__INPUT MATERIAL__:

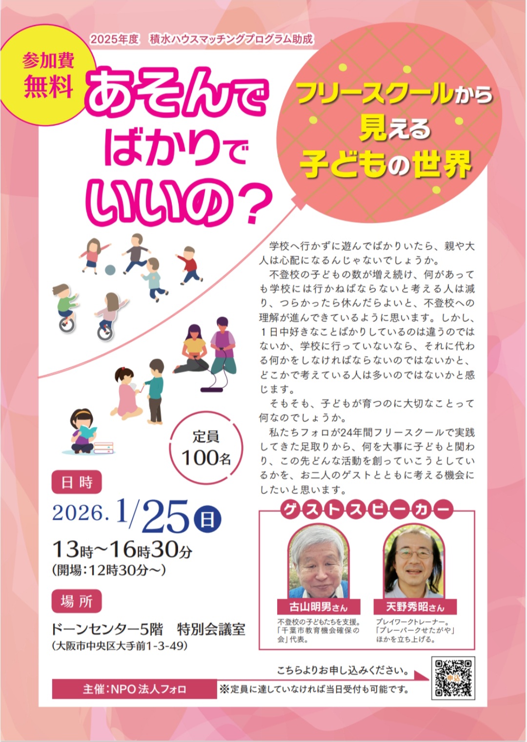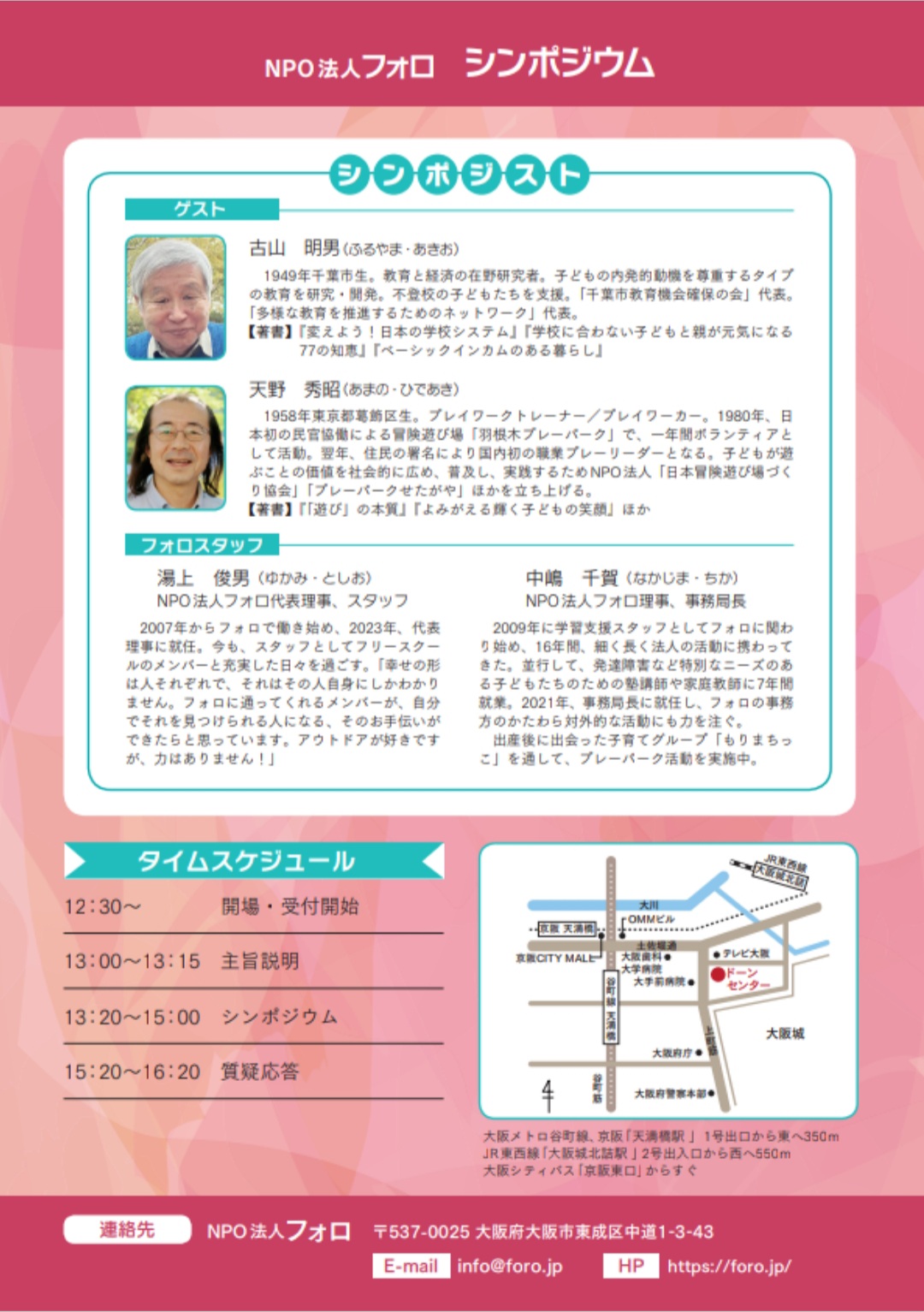 私たちフォロが24年間フリースクールで実践してきた足取りから、何を大事に子どもと関わり、この先どんな活動を創っていこうとしているかを、お二人のゲストとともに考える機会にしたいと思います。
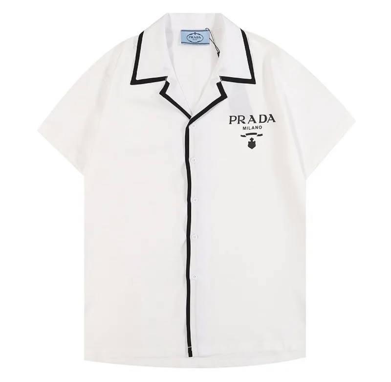 Нова сорочка від легендарного італійського дому PRADA — втілення мінімалістичної елегантності та бездоганної якості. • Марка: PRADA • Колір: білий з чорною контрастною обробкою • Стан: нова • Матеріал: 100% бавовна • Виробництво: Європа Особливості дизайну: • Прострочений логотип PRADA Milano на грудях • Комір-боулінг з контрастною чорною окантовкою • Короткі рукави • Застібка на ґудзики спереду • Контрастна чорна обробка по всіх краях Класичний крій поєднується з сучасними деталями, створюючи універсальну річ для будь-якого гардеробу. Натуральна бавовна забезпечує комфорт і довговічність.
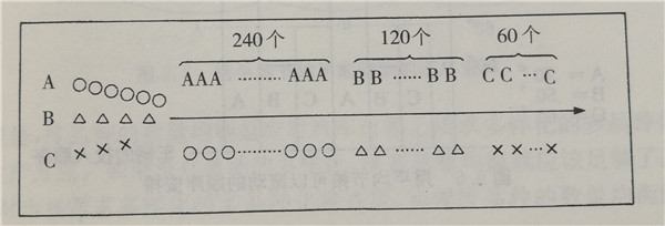 于是,如果用節(jié)拍時間制造所有的品種,每種產(chǎn)品都要用全部車種的平均節(jié)拍時間來制造,而每種產(chǎn)品的節(jié)拍時間在編排各種產(chǎn)品的順序時考慮就可以了。在豐田汽車公司為了均衡生產(chǎn)面編排的順序,就像圖1那樣。
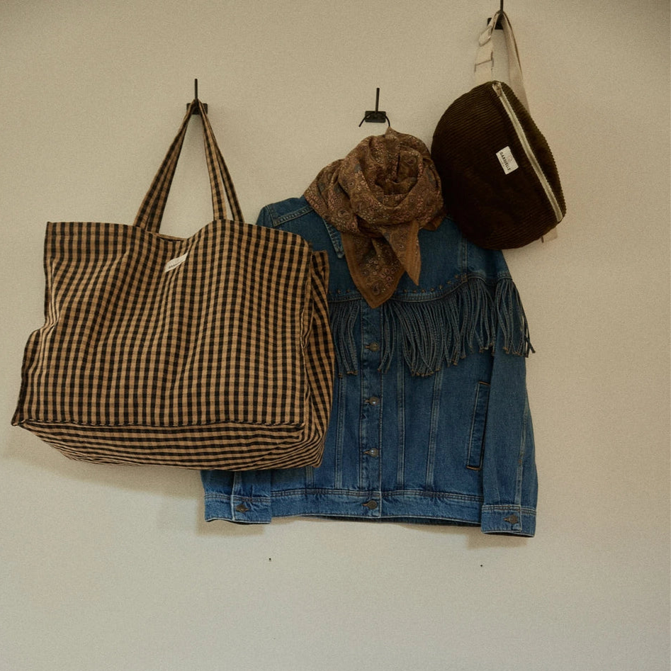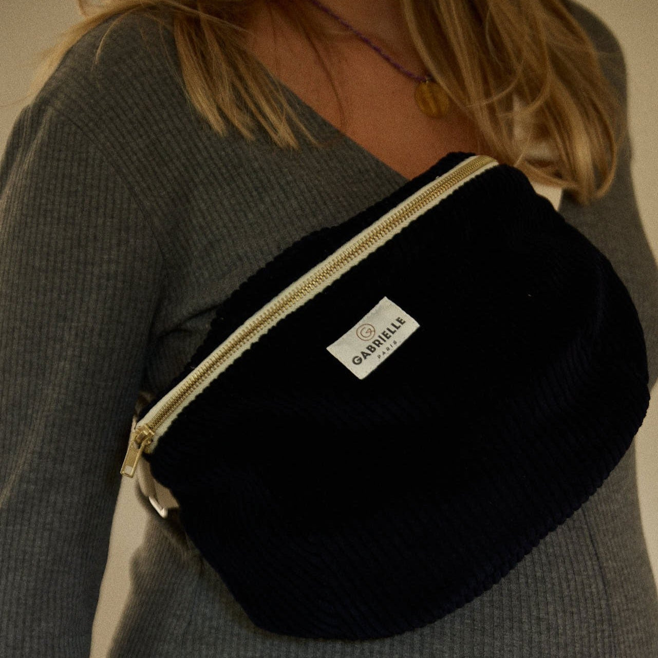 The Corduroy Bleu Marine cotton waist bag is made from 100% cotton corduroy, with a soft camel cotton lining, it measures 30 x 15 x 8 cm. The adjustable strap extends from 66 to 110 cm for a comfortable fit. Inside, you'll find a handy pocket, and the bag closes securely with a zipper. Easy to care for, simply machine wash it at 30°C. OEKO-TEX certified and free from AZO class dyes that are known to be harmful to the skin and the environment.
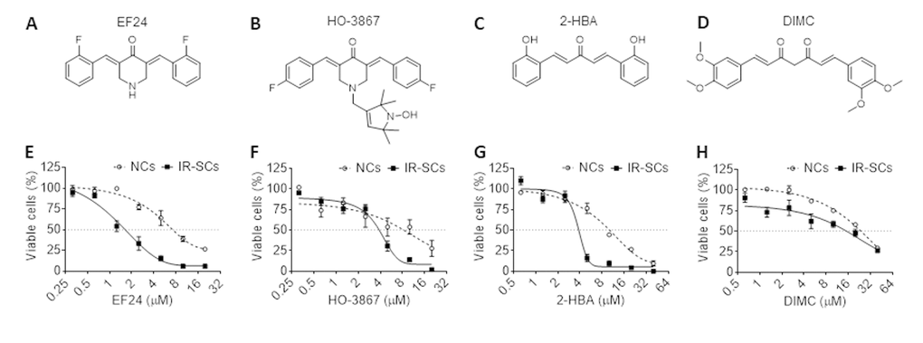 Table 1. EC50 values of selective curcumin analogs against WI‐38 non-senescent cells (NCs) and IR-induced senescent cells (IR-SCs).
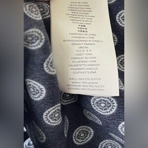Michael Kors Women’s V-Neck Tunic Top, Blue w/Circle Pattern, Silver Treading outlines Open V-Neck, Smocking Detail Above Elbows, 100% Polyester; Size M
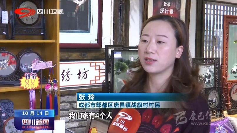 成都市郫都區(qū)唐昌鎮(zhèn)戰(zhàn)旗村村民張玲說:“村上根據我們土地入股的畝數,我們家有4個人,每年能夠分到5000塊錢左右,年底還有集體經濟分紅2000塊錢左右。我就在蜀繡坊上班,我老公在村上上班,我媽媽在家里面做民宿,這樣比以前種地時候收入高了很多?!?/p>
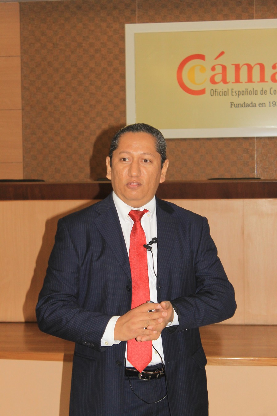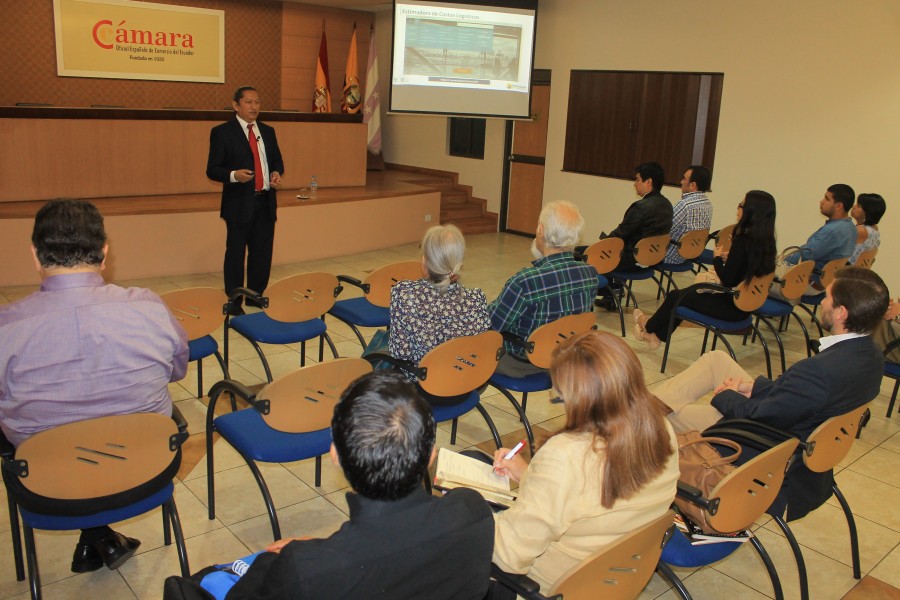 En el segundo día de conferencias se contó con la intervención del Ing. Alberto Décker funcionario del Área de promociones e inversiones de PROECUADOR, con la conferencia “Capacitación introductoria al comercio exterior con enfoque a España”.
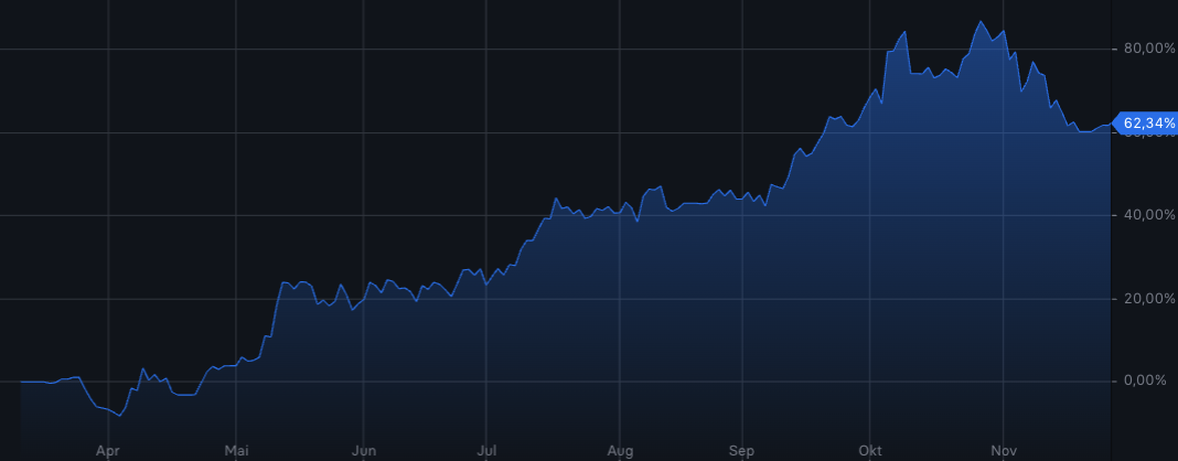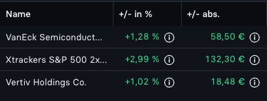Ich hatte zunächst einen 2-fach gehebelten S&P-500-ETF ins Depot gekauft. Als dieser Trade im Gewinn war, habe ich einen Semiconductor-ETF dazu genommen. Damit versuche ich zunächst, eine breite Investitionsbasis aufzubauen. Als Vertiv am Freitag ausgebrochen ist, habe ich die erste Tranche einer Einzelaktie gekauft. Wichtig ist mir dabei, dass die meisten Positionen im Depot bereits Gewinne verzeichnen. Ziehen die ersten Werte an, kann es sein, dass ich bei den kommenden Käufen auf Derivate mit kleinem Hebel setze. Damit schiebe ich das Depot sozusagen künstlich in den Margin-Bereich, also in einen Investitionsgrad von 120 % bis 150 %. Neue Käufe erfolgen erst, wenn die vorherige Position meine Strategie bestätigt.

__WORK TASK__: The listing above is to be set down word for word, without its images.

__RESPONSE FOR THIS EXERCISE__:
 私たちフォロが24年間フリースクールで実践してきた足取りから、何を大事に子どもと関わり、この先どんな活動を創っていこうとしているかを、お二人のゲストとともに考える機会にしたいと思います。
 Нова сорочка від легендарного італійського дому PRADA — втілення мінімалістичної елегантності та бездоганної якості. • Марка: PRADA • Колір: білий з чорною контрастною обробкою • Стан: нова • Матеріал: 100% бавовна • Виробництво: Європа Особливості дизайну: • Прострочений логотип PRADA Milano на грудях • Комір-боулінг з контрастною чорною окантовкою • Короткі рукави • Застібка на ґудзики спереду • Контрастна чорна обробка по всіх краях Класичний крій поєднується з сучасними деталями, створюючи універсальну річ для будь-якого гардеробу. Натуральна бавовна забезпечує комфорт і довговічність.
 于是,如果用節(jié)拍時間制造所有的品種,每種產(chǎn)品都要用全部車種的平均節(jié)拍時間來制造,而每種產(chǎn)品的節(jié)拍時間在編排各種產(chǎn)品的順序時考慮就可以了。在豐田汽車公司為了均衡生產(chǎn)面編排的順序,就像圖1那樣。
 The Corduroy Bleu Marine cotton waist bag is made from 100% cotton corduroy, with a soft camel cotton lining, it measures 30 x 15 x 8 cm. The adjustable strap extends from 66 to 110 cm for a comfortable fit. Inside, you'll find a handy pocket, and the bag closes securely with a zipper. Easy to care for, simply machine wash it at 30°C. OEKO-TEX certified and free from AZO class dyes that are known to be harmful to the skin and the environment.
 Table 1. EC50 values of selective curcumin analogs against WI‐38 non-senescent cells (NCs) and IR-induced senescent cells (IR-SCs).
Michael Kors Women’s V-Neck Tunic Top, Blue w/Circle Pattern, Silver Treading outlines Open V-Neck, Smocking Detail Above Elbows, 100% Polyester; Size M
 成都市郫都區(qū)唐昌鎮(zhèn)戰(zhàn)旗村村民張玲說:“村上根據我們土地入股的畝數,我們家有4個人,每年能夠分到5000塊錢左右,年底還有集體經濟分紅2000塊錢左右。我就在蜀繡坊上班,我老公在村上上班,我媽媽在家里面做民宿,這樣比以前種地時候收入高了很多?!?/p>
 En el segundo día de conferencias se contó con la intervención del Ing. Alberto Décker funcionario del Área de promociones e inversiones de PROECUADOR, con la conferencia “Capacitación introductoria al comercio exterior con enfoque a España”.
Ich hatte zunächst einen 2-fach gehebelten S&P-500-ETF ins Depot gekauft. Als dieser Trade im Gewinn war, habe ich einen Semiconductor-ETF dazu genommen. Damit versuche ich zunächst, eine breite Investitionsbasis aufzubauen. Als Vertiv am Freitag ausgebrochen ist, habe ich die erste Tranche einer Einzelaktie gekauft. Wichtig ist mir dabei, dass die meisten Positionen im Depot bereits Gewinne verzeichnen. Ziehen die ersten Werte an, kann es sein, dass ich bei den kommenden Käufen auf Derivate mit kleinem Hebel setze. Damit schiebe ich das Depot sozusagen künstlich in den Margin-Bereich, also in einen Investitionsgrad von 120 % bis 150 %. Neue Käufe erfolgen erst, wenn die vorherige Position meine Strategie bestätigt.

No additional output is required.